Stored items »
---*---
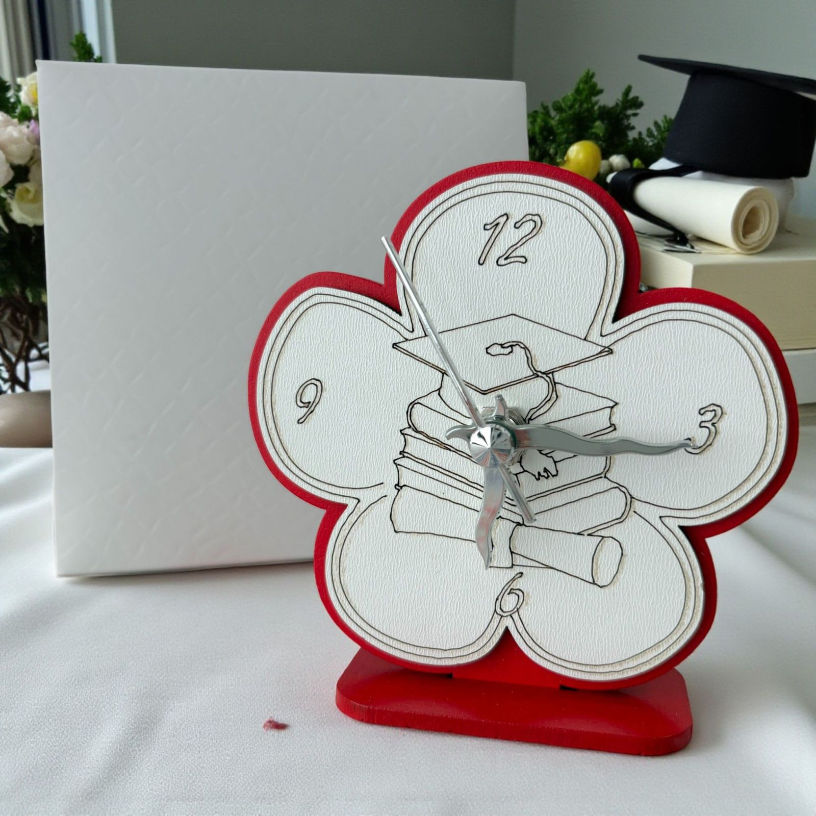 Celebra il traguardo significativo della laurea con una bomboniera che parla direttamente al cuore. Il nostro orologio a forma di fiore è molto più di un semplice orologio: è un simbolo di successo e dedizione, perfetto per rendere omaggio a chi ha affrontato anni di studio e sacrifici. Ogni dettaglio, dai libri al tocco, fino alla pergamena, è pensato per rievocare i momenti straordinari di questo viaggio accademico, trasformando ogni attimo in un ricordo prezioso.
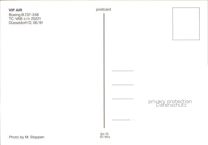 Flugzeuge Zivil Vip Air Boeing B.737-248 TC-VAB c/n 20221 postalisch nicht gelaufen Erhaltung siehe scans
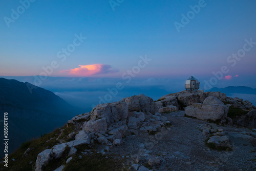 Bivouac on mountain peak against blue sky at dawn, Bergamasque Alps, Italy
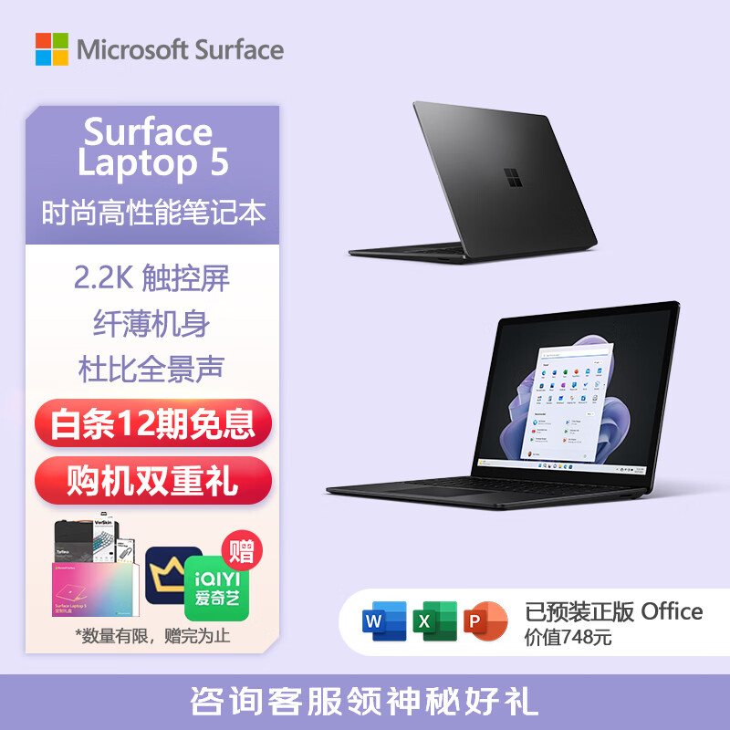 微软Surface Laptop 5 轻薄办公笔记本电脑 i7 16G+512G 典雅黑 Evo认证 13.5英寸 2.2K高色域触控屏价格:13188.00元!
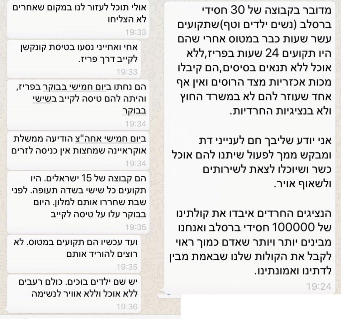 Dans le contexte de l’indignation ultra-orthodoxe contre a Roni Gamzo sur la lettre qu’il a envoyée au président de l’Ukraine empêchant les milliers d’adeptes de venir à Ouman, le journaliste Yaki Adamkar révèle ce soir des messages de soutien sincères envoyés par des partisans Breslev au député Ahmad Tibi de la liste commune pour ne pas empêcher leur voyage à Ouman, en Ukraine, le jour de Rosh Hashanah. Les messages envoyés à Tibi disaient: «Vous ne devez pas me croire s’il y a des élections maintenant, je ne choisirai que vous . « Je suis coincé à Kiev depuis 12 heures mais personne ne fait rien. »
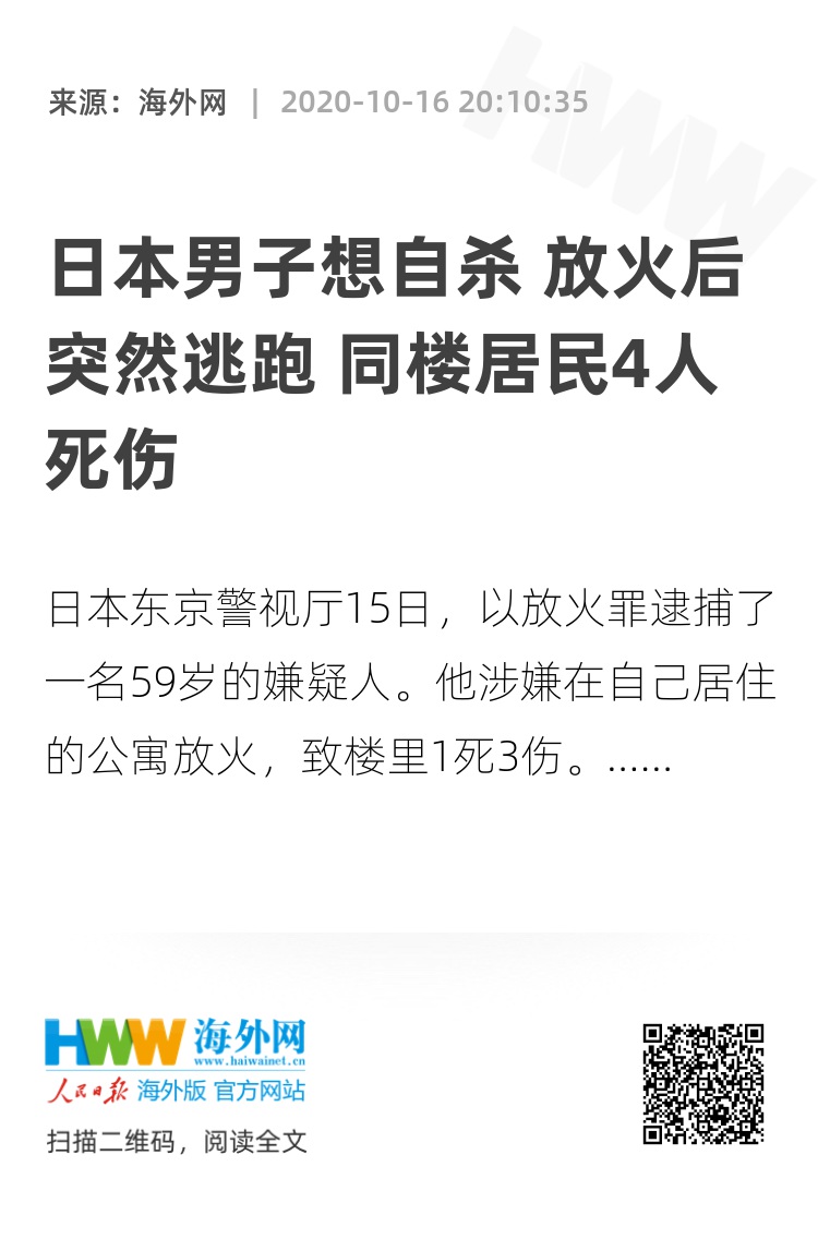 海外网10月16日电 15日,日本东京警视厅以放火罪逮捕了一名59岁的嫌疑人。他涉嫌在自己居住的公寓放火,致楼里居民1死3伤。该男子本欲自杀,他在身上和房间里涂满灯油并点火,最后自己毫发无损地逃了出来,并对警察说“没想到事情这么严重”。
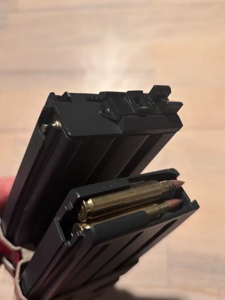 We Scar L GBBR 80 bb magazine. Gas magasin för we scar L open bolt. Har plats för 80bb. "metal gas magazine for WE weapons. It's suitable for M4, HK 416, SCAR L, L85... Compatible with OPEN BOLT only. This magazine is coupled and it imitates two standard magazines connected by a clamp"
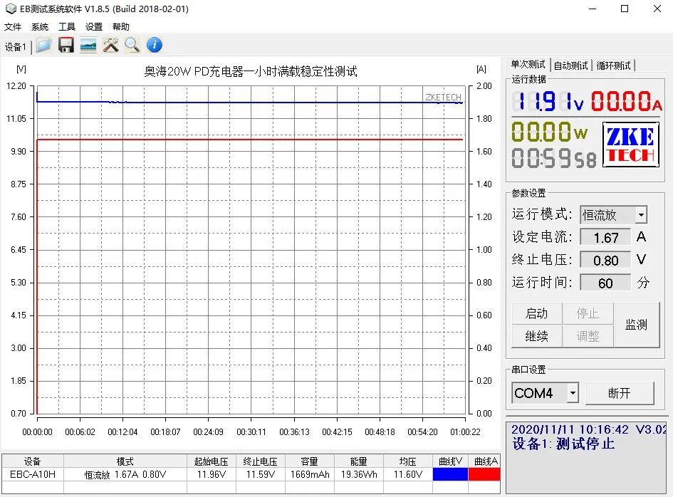 使用EB程控电子负载测试奥海20W PD充电器的最大输出功率,以0.1A为电流步进幅度,10秒为时间间隔,最终录得最大输出为11.57V 1.90A 22W。
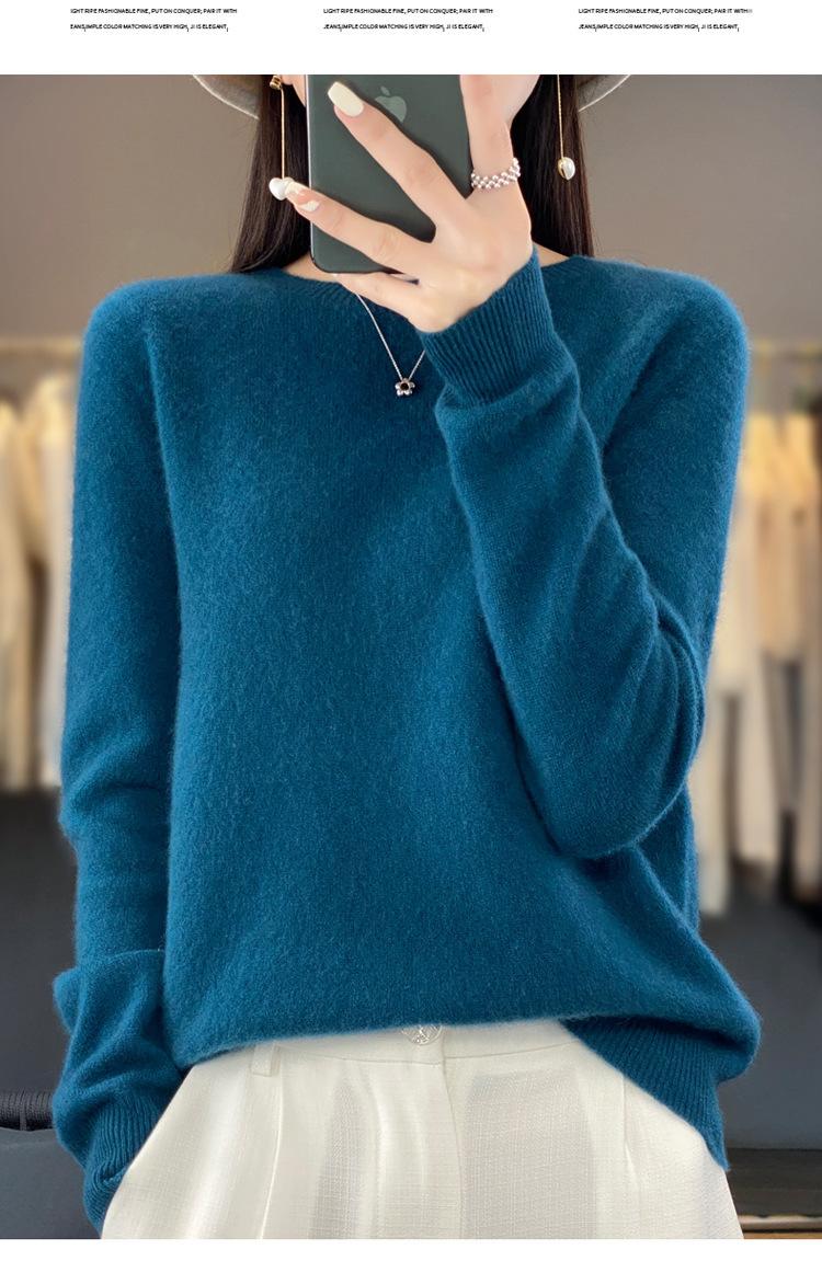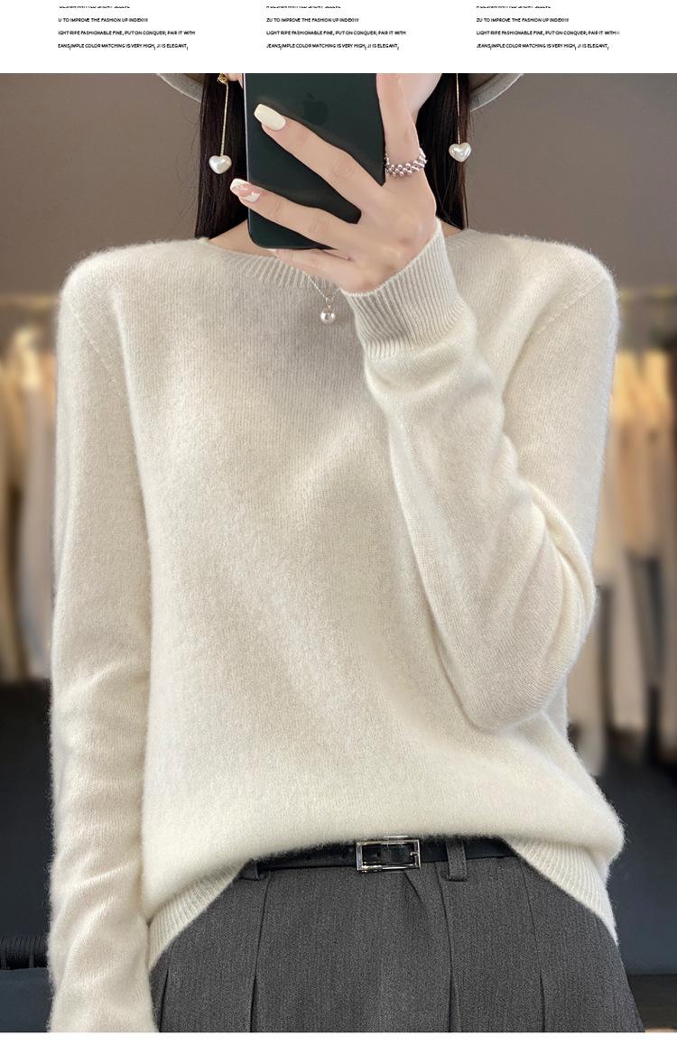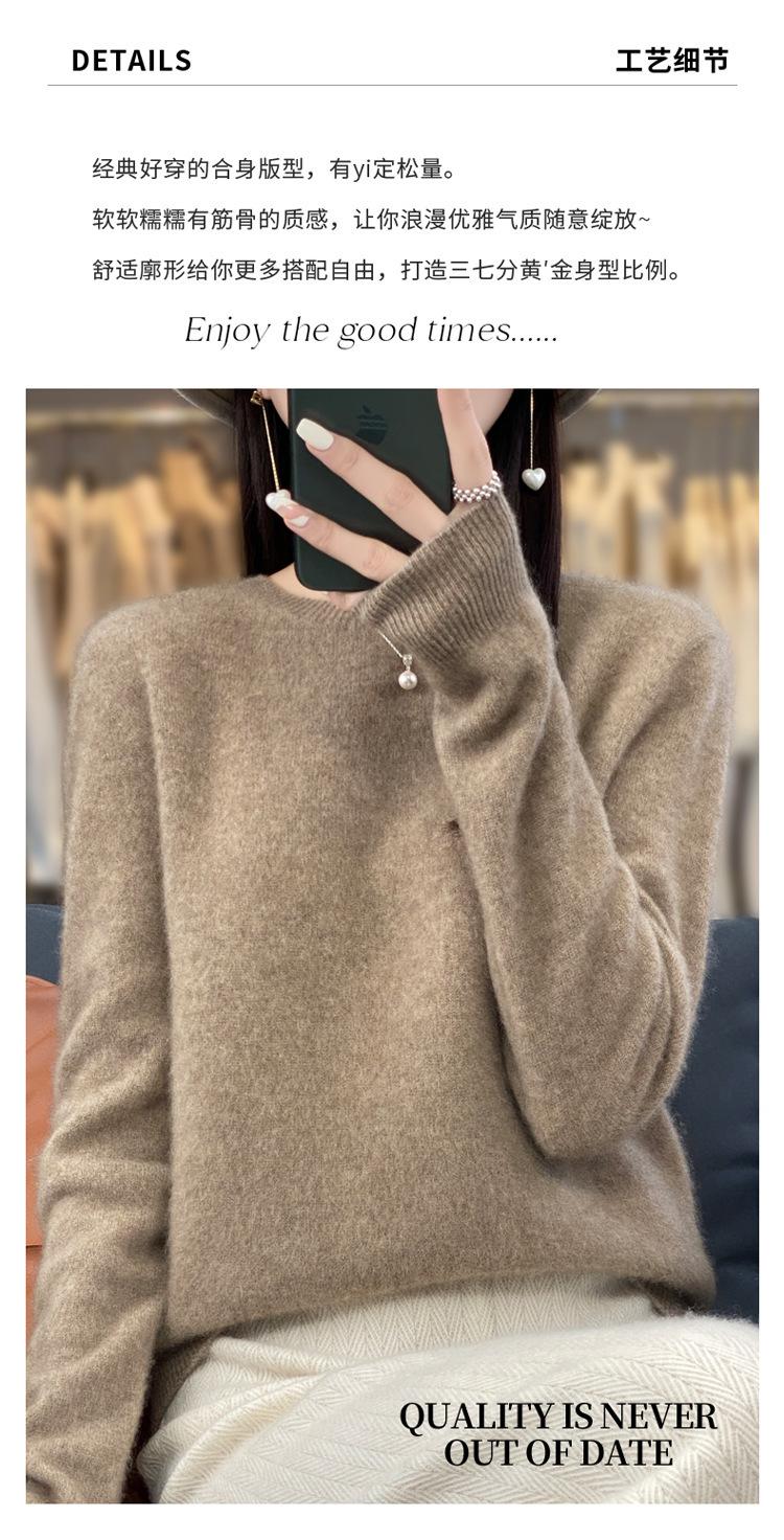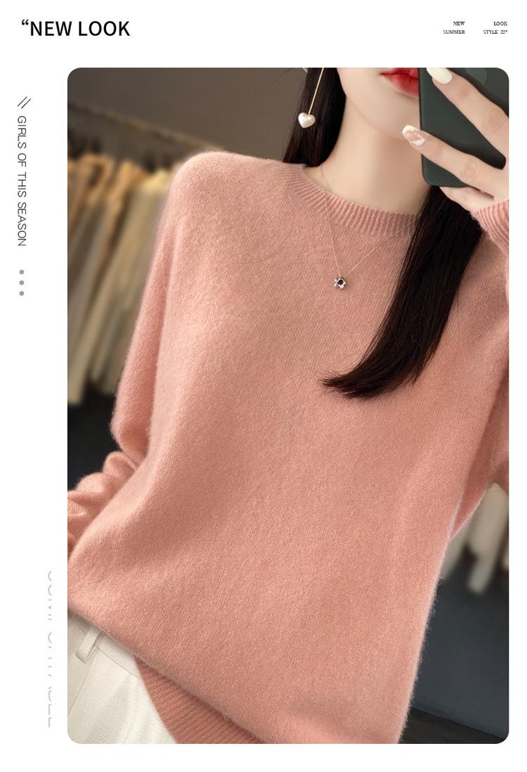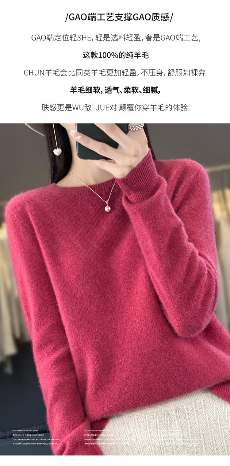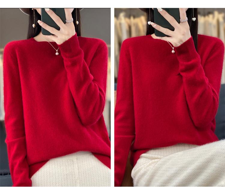 Ropa de primera línea lana pura color sólido cuello redondo suéter de punto holgado para fondo otoño e invierno Nuevo suéter de lana ropa interior para mujer
---*---
Exercise directions »
What are the lines from the one containing "Dans le contexte" through the end of the records? Write them out exactly, leaving out the pictures.

Written reply »
 Dans le contexte de l’indignation ultra-orthodoxe contre a Roni Gamzo sur la lettre qu’il a envoyée au président de l’Ukraine empêchant les milliers d’adeptes de venir à Ouman, le journaliste Yaki Adamkar révèle ce soir des messages de soutien sincères envoyés par des partisans Breslev au député Ahmad Tibi de la liste commune pour ne pas empêcher leur voyage à Ouman, en Ukraine, le jour de Rosh Hashanah. Les messages envoyés à Tibi disaient: «Vous ne devez pas me croire s’il y a des élections maintenant, je ne choisirai que vous . « Je suis coincé à Kiev depuis 12 heures mais personne ne fait rien. »
 海外网10月16日电 15日,日本东京警视厅以放火罪逮捕了一名59岁的嫌疑人。他涉嫌在自己居住的公寓放火,致楼里居民1死3伤。该男子本欲自杀,他在身上和房间里涂满灯油并点火,最后自己毫发无损地逃了出来,并对警察说“没想到事情这么严重”。
 We Scar L GBBR 80 bb magazine. Gas magasin för we scar L open bolt. Har plats för 80bb. "metal gas magazine for WE weapons. It's suitable for M4, HK 416, SCAR L, L85... Compatible with OPEN BOLT only. This magazine is coupled and it imitates two standard magazines connected by a clamp"
 使用EB程控电子负载测试奥海20W PD充电器的最大输出功率,以0.1A为电流步进幅度,10秒为时间间隔,最终录得最大输出为11.57V 1.90A 22W。
 Ropa de primera línea lana pura color sólido cuello redondo suéter de punto holgado para fondo otoño e invierno Nuevo suéter de lana ropa interior para mujer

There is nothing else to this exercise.